9

I know about approximate string searching and things like the Levenshtein distance, but what I want to do is take a large list of strings and quickly pick out any matching pairs that are similar to each other (say, 1 Damerau-Levenshtein distance apart).
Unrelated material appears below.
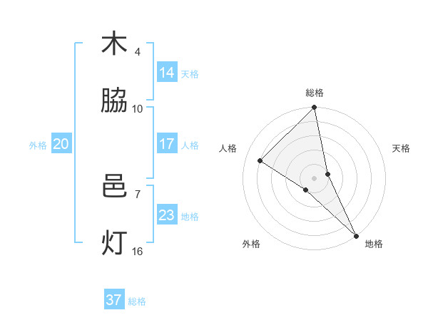 木脇 邑灯さんの総格は37画の5点!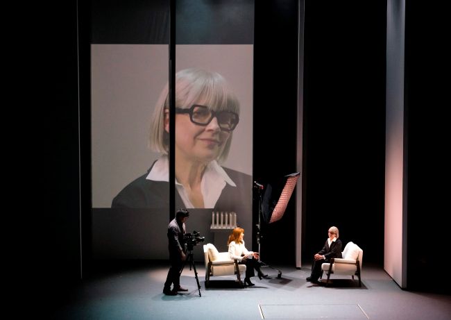 Il y a aussi des scènes tournées en direct qui soulignent efficacement la dimension médiatique de ce conflit. Cependant, les panneaux du centre de la scène déforment les projections en les coupant en deux parties.

So something like this

l = ["moose", "tiger", "lion", "mouse", "rat", "fish", "cat"]

matching_strings(l)

# Output
# [["moose","mouse"],["rat", "cat"]]

I only really know how to use R and Python, so bonus points if your solution can be easily implemented in one of those languages.

UPDATE:

Thanks to Collapsar's help, here is a solution in Python

import numpy
import functools
alphabet = {'a': 0, 'c': 2, 'b': 1, 'e': 4, 'd': 3, 'g': 6, 'f': 5, 'i': 8, 'h': 7, 'k': 10, 'j': 9, 'm': 12, 'l': 11, 'o': 14, 'n': 13, 'q': 16, 'p': 15, 's': 18, 'r': 17, 'u': 20, 't': 19, 'w': 22, 'v': 21, 'y': 24, 'x': 23, 'z': 25}


l = ["moose", "tiger", "lion", "mouse", "rat", "fish", "cat"]
fvlist=[]

for string in l:
    fv = [0,0,0,0,0,0,0,0,0,0,0,0,0,0,0,0,0,0,0,0,0,0,0,0,0,0]
    for letter in string:
        fv[alphabet[letter]]+=1
    fvlist.append(fv)

fvlist.sort (key=functools.cmp_to_key(lambda fv1,fv2: numpy.sign(numpy.sum(numpy.subtract(fv1, fv2)))))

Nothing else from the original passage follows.